Output the line that contains "Il Velo per" together with each line after it, through the final line of the listing below, word for word; omit pictures.

• **Data shown**
Start of Block

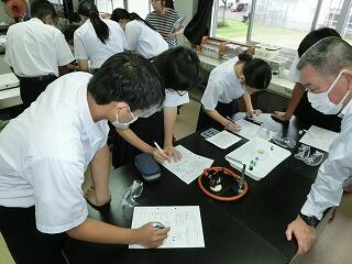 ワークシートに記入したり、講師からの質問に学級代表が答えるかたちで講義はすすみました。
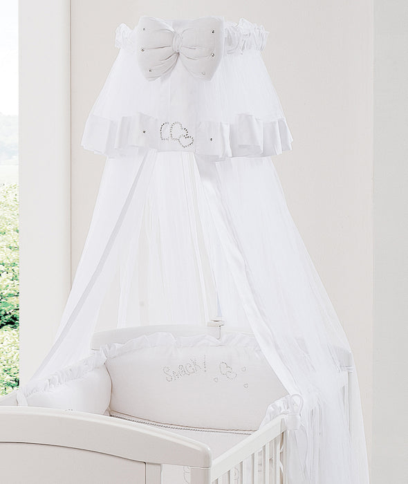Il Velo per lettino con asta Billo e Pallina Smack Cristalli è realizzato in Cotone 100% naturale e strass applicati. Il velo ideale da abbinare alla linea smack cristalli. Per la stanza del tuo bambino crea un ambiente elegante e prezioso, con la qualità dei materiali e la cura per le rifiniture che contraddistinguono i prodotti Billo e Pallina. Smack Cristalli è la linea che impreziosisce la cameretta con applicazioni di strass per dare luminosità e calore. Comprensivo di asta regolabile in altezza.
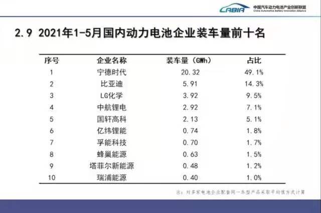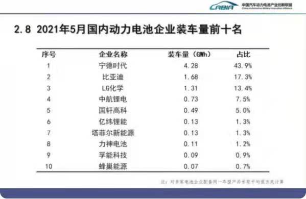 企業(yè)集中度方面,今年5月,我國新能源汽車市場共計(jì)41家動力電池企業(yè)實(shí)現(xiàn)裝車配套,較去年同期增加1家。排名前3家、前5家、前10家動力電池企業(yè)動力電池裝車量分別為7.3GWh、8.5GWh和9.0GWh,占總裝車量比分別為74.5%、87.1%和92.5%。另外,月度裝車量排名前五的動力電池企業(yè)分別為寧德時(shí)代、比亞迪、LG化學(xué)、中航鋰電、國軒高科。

End of Block

• **Answer section**
Il Velo per lettino con asta Billo e Pallina Smack Cristalli è realizzato in Cotone 100% naturale e strass applicati. Il velo ideale da abbinare alla linea smack cristalli. Per la stanza del tuo bambino crea un ambiente elegante e prezioso, con la qualità dei materiali e la cura per le rifiniture che contraddistinguono i prodotti Billo e Pallina. Smack Cristalli è la linea che impreziosisce la cameretta con applicazioni di strass per dare luminosità e calore. Comprensivo di asta regolabile in altezza.
 企業(yè)集中度方面,今年5月,我國新能源汽車市場共計(jì)41家動力電池企業(yè)實(shí)現(xiàn)裝車配套,較去年同期增加1家。排名前3家、前5家、前10家動力電池企業(yè)動力電池裝車量分別為7.3GWh、8.5GWh和9.0GWh,占總裝車量比分別為74.5%、87.1%和92.5%。另外,月度裝車量排名前五的動力電池企業(yè)分別為寧德時(shí)代、比亞迪、LG化學(xué)、中航鋰電、國軒高科。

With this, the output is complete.